Population data that support an association between autoimmune cholestatic liver diseases, primary biliary cirrhosis and primary sclerosing cholangitis and celiac disease, is limited and at times contradictory.
Dr West and colleagues from England aimed to explore the relationship between celiac disease and both primary biliary cirrhosis and primary sclerosing cholangitis.
The researchers used the General Practice Research Database, a UK-based longitudinal primary care database.
The research team identified 4732 people with diagnosed celiac disease.
23 620 Age- and sex-matched controls within the General Practice Research Database were also identified by the researchers.
There is a higher prevalence of primary biliary cirrhosis in adults with celiac disease compared with control groups|
|Alimentary Pharmacology and Therapeutics|
The investigators calculated the prevalence of primary biliary cirrhosis and primary sclerosing cholangitis for both the celiac disease and control group.

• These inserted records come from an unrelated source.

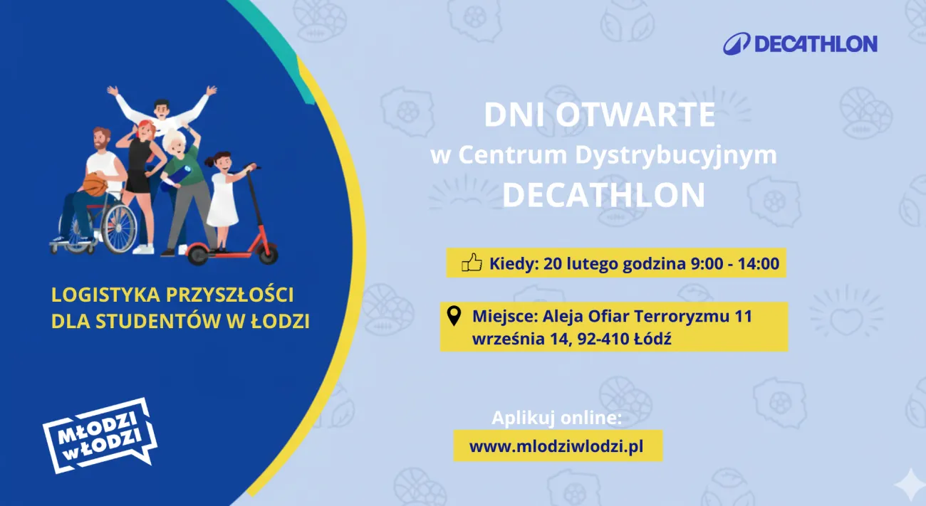 Zapraszamy łódzkich studentów, zwłaszcza pasjonatów Logistyki, Automatyki i Optymalizacji Procesów, a także pasjonatów sportu, na Dni Otwarte w sercu łańcucha dostaw – Centrum Dystrybucyjnym Decathlon w Łodzi! Zobacz, jak firma zarządza milionami produktów sportowych, jakie technologie stoją za szybkością dostaw i jak wygląda praca w jednym z najnowocześniejszych magazynów w regionie.
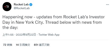 Rocket Lab在该公司的投资者日期间与投资者和公众分享了这些消息。虽然活动的现场直播遇到了技术故障,但Rocket Lab在活动的同时在一系列推文中分享了所有的更新信息。
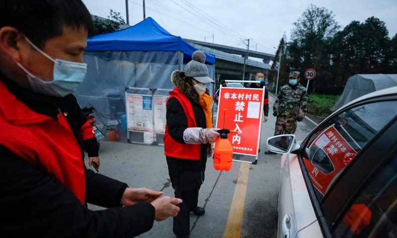 Volunteers sanitize a car at a checkpoint in Taiping Village of Pidu District in Chengdu, southwest China's Sichuan Province, Dec. 9, 2020. (Xinhua/Shen Bohan)
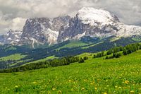 Seiser Alm of Alpe di Siusi - met op de achtergrond de berggroep Sassolungo - Langkofel tijdens de lente in de Dolomieten. Gele voorjaarsbloemen in de weiden en enkele houten chalets op de hoogvlakte in de Alpen, Trentino Alto Adige, Zuid-Tirol, Italië.
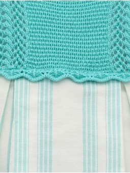 Conjunto para bebé niña formado por vestido sin mangas con cuerpo de punto con calados en color verde agua, lacitos en los hombros de tela a juego con el tejido de rayas al tono de la falda. Braguita punto liso con lacitos de raso. Completa el look con la capota y chaqueta de la misma Colección Esmeralda, referencia 2311834 y 2311843. Confeccionado en españa
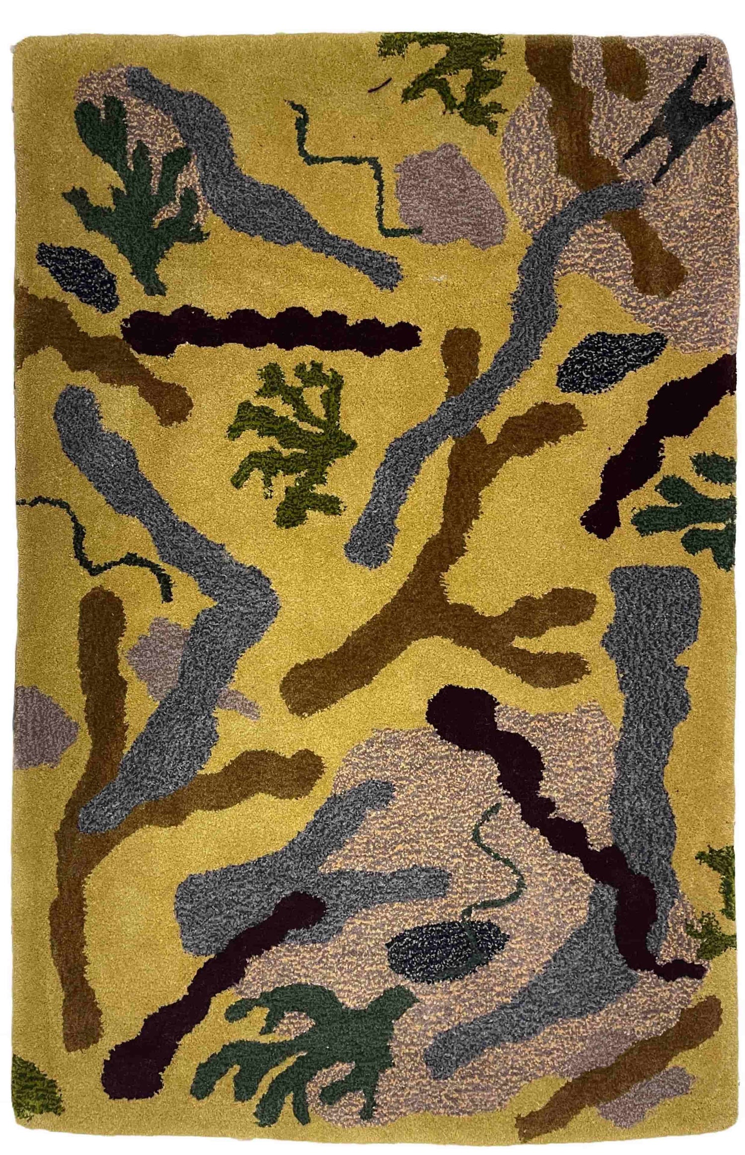 The sea weed rug is inspired by what is left on the beach at low tide after a storm, lots of seaweed, stones and even a mermaids purse. The rocks and stones add depth to the abstracted seaweed shape pattern.
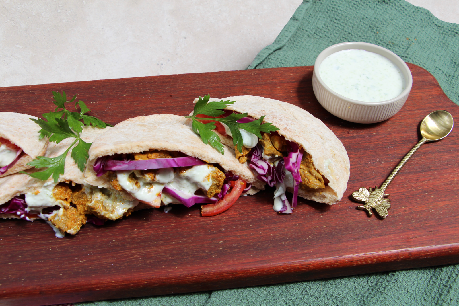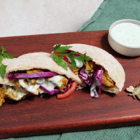 Place the cabbage and tomatoes in the half open pockets, top with the grilled lamb and drizzle each pocket with the sauce.
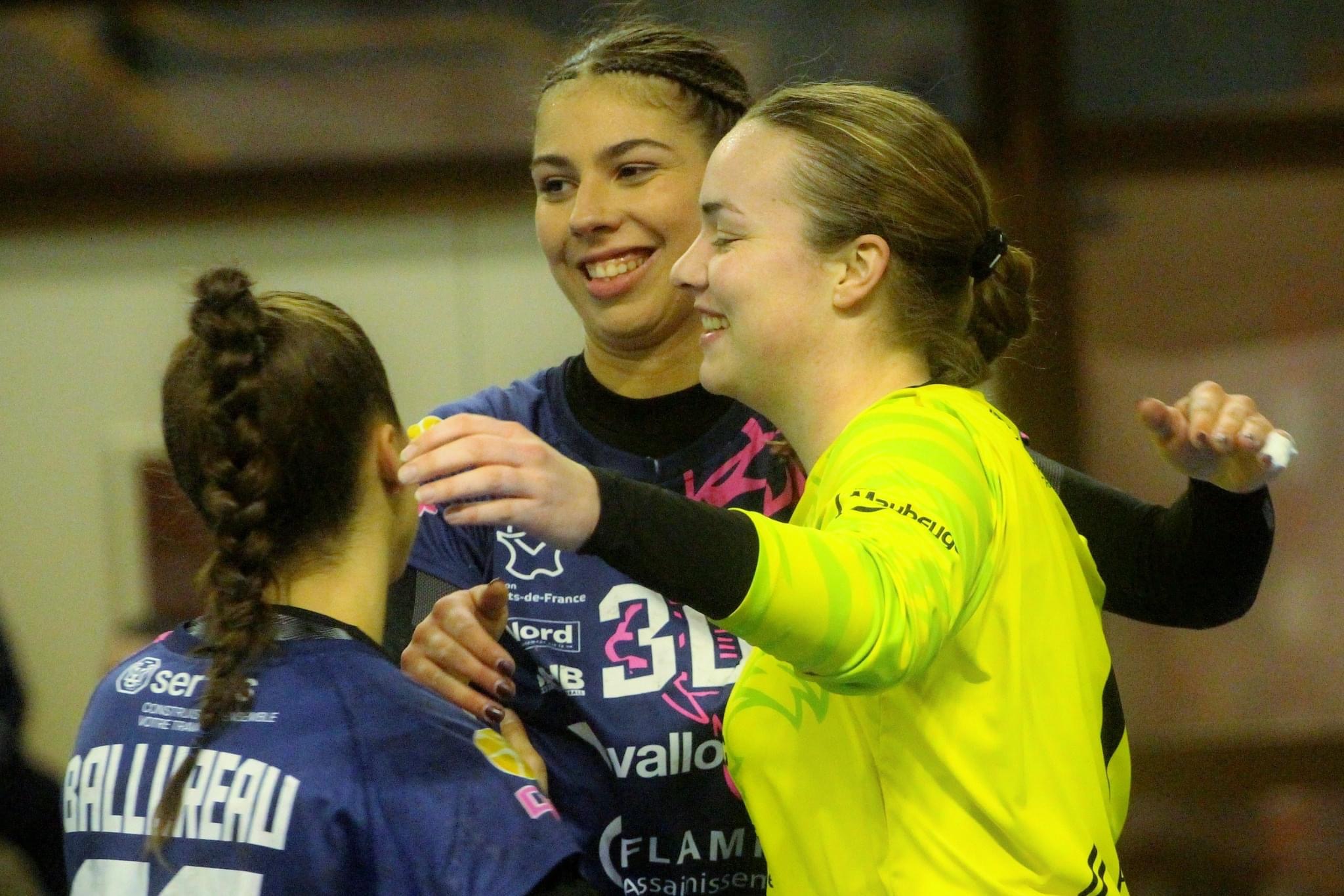 Jovana KIPRIJANOVSKA, LEA BALLUREAU – SENNA VAN GALEN, LEA BALLUREAU, Jovana KIPRIJANOVSKA – Match de handball du 2 Décembre 2022 SAMBRE AVESNOIS vs ASUL VAULX EN VELIN

The team showed that there was a higher prevalence of primary biliary cirrhosis in adults with celiac disease (0.17%), compared with controls (0.05%).
Primary sclerosing cholangitis was also shown to be more common in the celiac disease group (0.04%) than in the control group (0%).
Dr West concluded that “There was a threefold or greater increase in risk of both primary biliary cirrhosis and primary sclerosing cholangitis in people with celiac disease compared with the general population”.
The research team mentioned that the association with primary biliary cirrhosis was weaker than in some reports.
The investigators concluded that it was difficult to justify screening patients with celiac disease for either primary biliary cirrhosis or primary sclerosing cholangitis.